Bed bugs rely on olfactory receptor neurons housed in their antennal olfactory sensilla to detect semiochemicals in the environment. Utilizing single sensillum recording, we demonstrate a method to evaluate bed bug response to semiochemicals and explore the coding process involved.
The insect olfactory system plays an important role in detecting semiochemicals in the environment. In particular, the antennal sensilla which house single or multiple neurons inside, are considered to make the major contribution in responding to the chemical stimuli. By directly recording action potential in the olfactory sensillum after exposure to stimuli, single sensillum recording (SSR) technique provides a powerful approach for investigating the neural responses of insects to chemical stimuli. For the bed bug, which is a notorious human parasite, multiple types of olfactory sensillum have been characterized. In this study, we demonstrated neural responses of bed bug olfactory sensilla to two chemical stimuli and the dose-dependent responses to one of them using the SSR method. This approach enables researchers to conduct early screening for individual chemical stimuli on the bed bug olfactory sensilla, which would provide valuable information for the development of new bed bug attractants or repellents and benefits the bed bug control efforts.
The common bed bug Cimex lectularius L (Hemiptera: Cimicidae), as a temporary ectoparasite, is an obligated blood-sucking insect, which means their survival, development, and reproduction require blood sources from hosts, including both humans and animals1,2. Although virus transmission has rarely been reported due to C. lectularius, the biting nuisance generated by an infestation seriously affects hosts both physically and psychologically3. The introduction and widespread use of chemical insecticides, especially DDT, lowered the risk of infestations and by the end of the 1950s infestations were at such a low level that they were no longer a serious public concern. However, a number of possible factors have led to resurgence in bed bug populations worldwide, such as the reduced use of insecticides, a decline of public awareness, increased traveling activity, and the development of resistance to insecticides4-9.

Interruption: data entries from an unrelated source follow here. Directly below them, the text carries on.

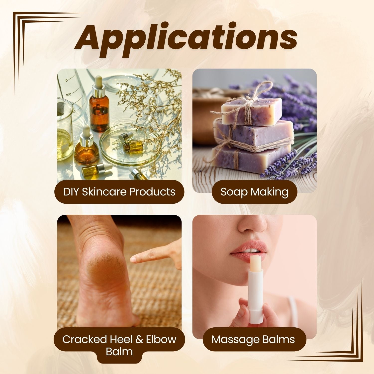 - In Formulations: Use 3–20% in creams, balms, or hair masks
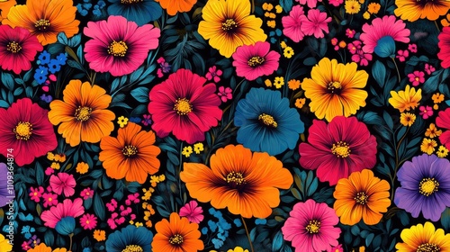 Vibrant summer floral seamless pattern ideal for card design and fabric printing bold colors nature inspired decor
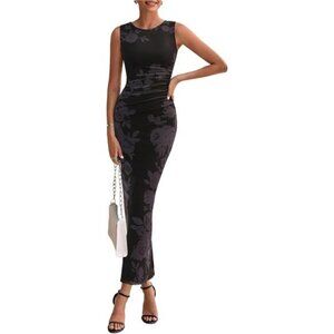 Features: Sleeveless, ruched detail, floral Print, mesh fabric, maxi length, slim fit, sexy style, bodycon lightweight dresses for women, providing a stunning look that's both comfortable and soft to the touch
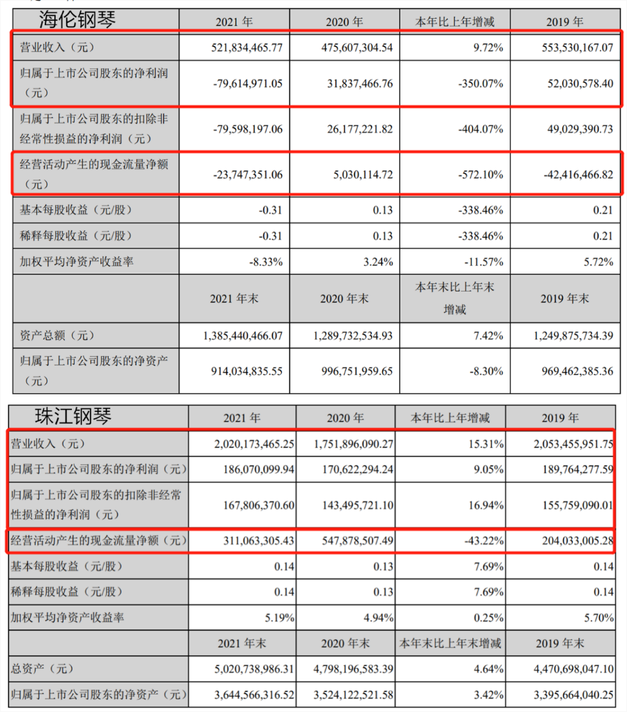 同時,兩家公司經營活動產生的現金流量淨額均同比減少。海倫鋼琴2021年經營活動產生現金淨流出2374.74萬元,較比2020年淨流入的503.01萬元減少了572.10%;珠江鋼琴經營活動產生的現金淨流入3.11億元,同比減少了43.22%。

Chemical cues in the environment are detected and recognized by insects through olfactory organs such as antennae and maxillary palps. The olfactory sensilla on the insect antennae play a crucial role in detecting these chemical cues. The chemical molecules enter the antennal cuticle through pores on the cuticle surface. Odorant binding proteins in the antennal lymph bind to these chemical molecules and transport them onto the odorant receptors10. The odorant receptors and their co-receptor from the non-selective cation ion channel on the neural membrane, which will be depolarized once these chemical molecules are recognized by the odorant receptors11.
Single sensillum recording (SSR) was developed to detect the extracellular change in the action potential caused by the application of either chemical or non-chemical stimuli. By inserting a recording electrode into the sensillum lymph and a reference electrode into some other part of the insect body (usually either the compound eyes or the abdomen), the firing rate of the neurons in response to stimuli can be recorded12. Changes in the number of spikes represent the sensitivity of the insect to specific stimuli. Chemical stimuli of different identities and concentration will elicit different neural responses, with different firing rates and temporal structures, and can thus be used to investigate the coding process of the insect to specific chemicals.
For the common bed bug, both sexual forms share the same pattern of olfactory sensilla on the antennae: nine grooved peg C sensilla, 29 hair-like E (E1 and E2) sensilla, and one pair each of Dα, Dβ, Dγ smooth peg sensilla 13,14. As multiple neurons have been identified in each type of sensillum, it is not easy to distinguish the action potentials from different neurons housed in the same sensillum, so for this experiment the total numbers of action potentials were counted off-line for a 500 msec period before and after stimulation. The number of action potentials after stimulation was then subtracted from the number of action potentials before stimulation and multiplied by two in order to quantify the changes in the firing rate in each individual sensillum in spikes per second15.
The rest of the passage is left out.